Additionally, all outstanding RSUs under the 2005 Stock Plan that were unvested on the day following the record date, including RSUs that were granted on the record date, were modified to allow for the granting of a dividend equivalent (as such term is defined in the 2005 Stock Plan) with respect to each share of our Class A Common Stock underlying the unvested RSU. The dividend equivalent is payable in cash in a per share amount equal to the per share cash dividend on the same date that the related underlying RSU shares vest. The granting of the dividend equivalent for all outstanding RSUs resulted in a total net incremental compensation cost of approximately $11.9 million. Of this amount, approximately $0.8 million and less than $0.1 million was recognized in the first quarter of fiscal 2014 and first quarter of fiscal 2013, respectively. This incremental charge is being recognized over the remaining vesting periods of the RSUs at the date of modification, determined on a grant-by-grant basis. These vesting periods range from one to four years beginning on the first anniversary of the grant.

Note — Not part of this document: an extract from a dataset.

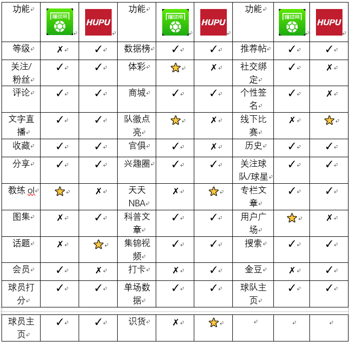 (✓支持功能 ✗不支持功能 ⭐特色功能)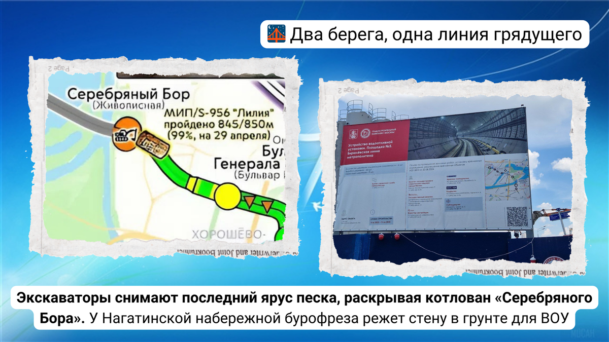 официальные отчеты. Давайте вместе разберемся, что же на самом деле происходит с нашей Москвой. Поехали? Во-первых, представим вам 👀 панорамный обзор стройплощадки 🚇 станции «Серебряный Бор» (проектн. «Живописная») 💸Рублëво-Архангельской линии Раскрытие котлована продвигается от восточной части (со стороны 🚇 «Бульвара Генерала Карбышева») к центральной части. Завершаются работы по устройству с

Common Stock Repurchase Program
In November 2009, we announced a stock repurchase program, providing for the repurchase of up to $250.0 million of our Class A common stock. Our Board of Directors approved an additional $300.0 million for our stock repurchase program in July 2010, $250.0 million in July 2011, and an additional $100.0 million in February 2012, for a total authorization of up to $900.0 million in stock repurchases. Stock repurchases under this program may be made through open market transactions, negotiated purchases, or otherwise, at times and in amounts that we consider appropriate. The timing of repurchases and the number of shares repurchased depend upon a variety of factors, including price, regulatory requirements, the rate of dilution from our equity compensation programs and other market conditions. We may limit, suspend or terminate the stock repurchase program at any time without prior notice. This program does not have a specified expiration date. Shares repurchased under the program will be returned to the status of authorized but unissued shares of Class A common stock. As of December 27, 2013, the remaining authorization to purchase additional shares is $104.4 million.

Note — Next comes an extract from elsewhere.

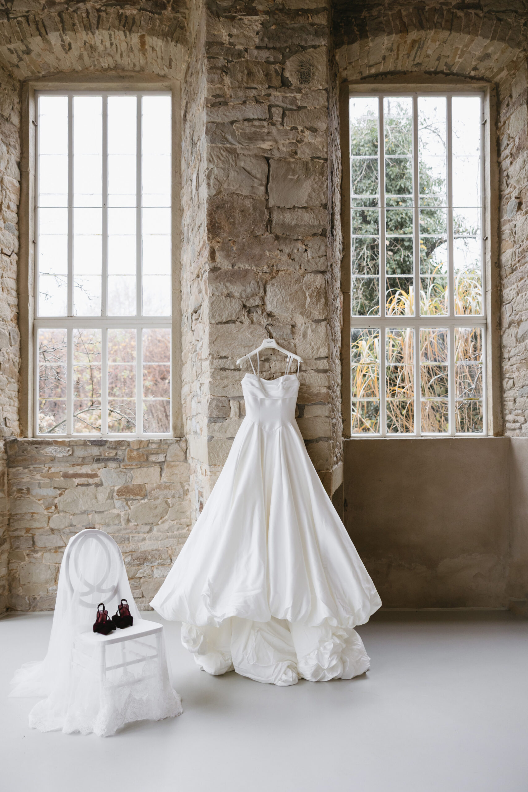 Ein Ort voller Geschichte, Licht und Eleganz: Die stilvolle Orangerie auf dem Gut Ostenwalde wird zum besonderen Rückzugsort für das Getting Ready. Zwischen den hohen Fenstern, die den Raum in natürliches, weiches Licht tauchen, und den hellen, historischen Architekturdetails entsteht ein Setting, das Ruhe, Klasse und zeitlose Schönheit vereint.

Stock repurchase activity under the stock repurchase program during the first quarter of fiscal 2014 is summarized as follows:
Quarterly Repurchase Activity
Shares
Repurchased
Cost (1)
Average Price Paid per Share (2)
 
 
(in thousands)
 
Q1 - Quarter ended December 27, 2013
330,000
$11,660
$35.32
Total
330,000
$11,660
 
(1)
Cost of share repurchases includes the price paid per share and applicable commissions.
(2)
Average price paid per share excludes commission costs.